Se ocultaba tras el viento, entregado al danzar de las hojas otoñales, allá abajo: en la tierra. Envuelto tras la grises sabanas del cielo, elogiando con envidia el vuelo de las aves. Creía que el aire era su suspiro, que sus alas lo abarcaban todo. Y así era.
Sus sueños eran un eterno vuelo que no tenía cabida en la tierra a la cual le hacían despertar todas las mañanas.
La gente solía decir: "¡dios, ese niño vive en las nubes!”, “¡pon esos pies en la tierra!” etc. sin imaginarse jamás lo lejos que estaba de descender de sus sueños.

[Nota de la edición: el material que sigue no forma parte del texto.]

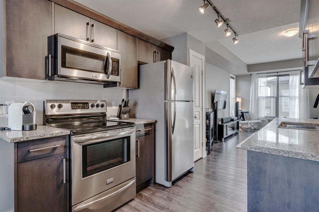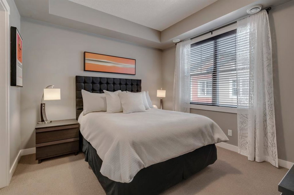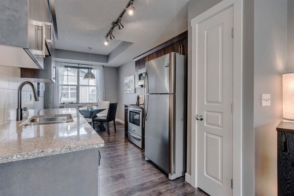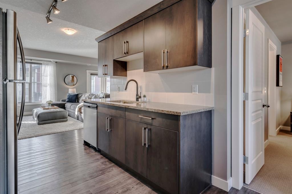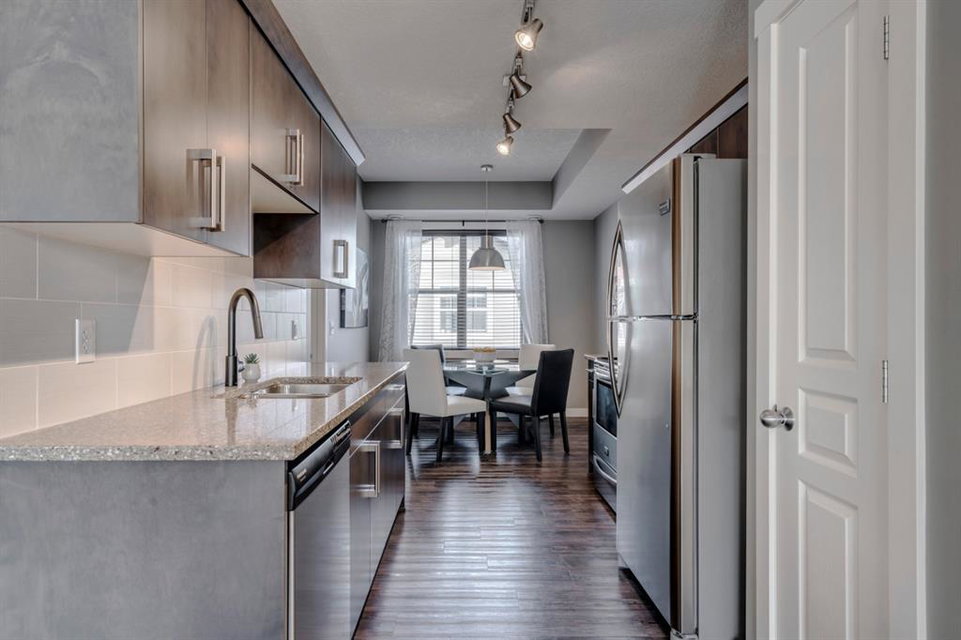 This beautiful and immaculate townhome was built by award-winning Brookfield Residential and is located in the heart of Cranston within walking distance to schools and all of Cranston’s amenities. This end-unit townhome shows like new and offers a bright and open layout that is perfect for entertaining. The kitchen is centred between the dining and large living areas, providing a space that captures natural light all day. The main living area has plenty of space for a living area with additional space for the perfect work-from-home setup. The home is finished with resilient luxury vinyl plank flooring, quartz countertops and stainless-steel appliances. A large master bedroom complete with walk-in closet provides ample space for a young professional or couple. The balcony located off the main living area has west exposure and mountain views, offering plenty of enjoyment all summer long. The central A/C will keep you cool on the warm summer nights while the west exposure keeps the unit bright all day. A private attached garage is perfect for keeping your vehicle safe and secure all year and also provides additional storage options. Located a short distance from all the amenities of Cranston and Seton, this property is ideal for investors, down-sizers, and first time buyers looking to stop renting and start building equity. Low condo fees and maintenance-free living that is all within walking distance to Fish Creek Park! This nearly new townhouse offers incredible value for those wanting a spacious one bedroom home.

Se pasaba las tardes enteras en el balcón de su casa, mirando el infinito que era su amado firmamento. No salía, casi no jugaba con otros niños. Él prefería jugar en sus ensueños, dibujar atardeceres de colores que reflejaran sus estados de ánimo: rojo, morado, naranja, rosado, celeste y por último, negro. Aquella transición de día a noche que era el crepúsculo le parecía deslumbrante.
Su familia consideraba incomprensible aquella obsesión. "¿Como es posible tal impresión por el cielo?", "es una tontería"... pero a él le parecía igualmente inconcebible esa falta de fascinación: "creen saberlo todo, pero no saben nada, cierran sus ojos a lo simple, a lo lindo que les rodea. Eso sí es una tontería".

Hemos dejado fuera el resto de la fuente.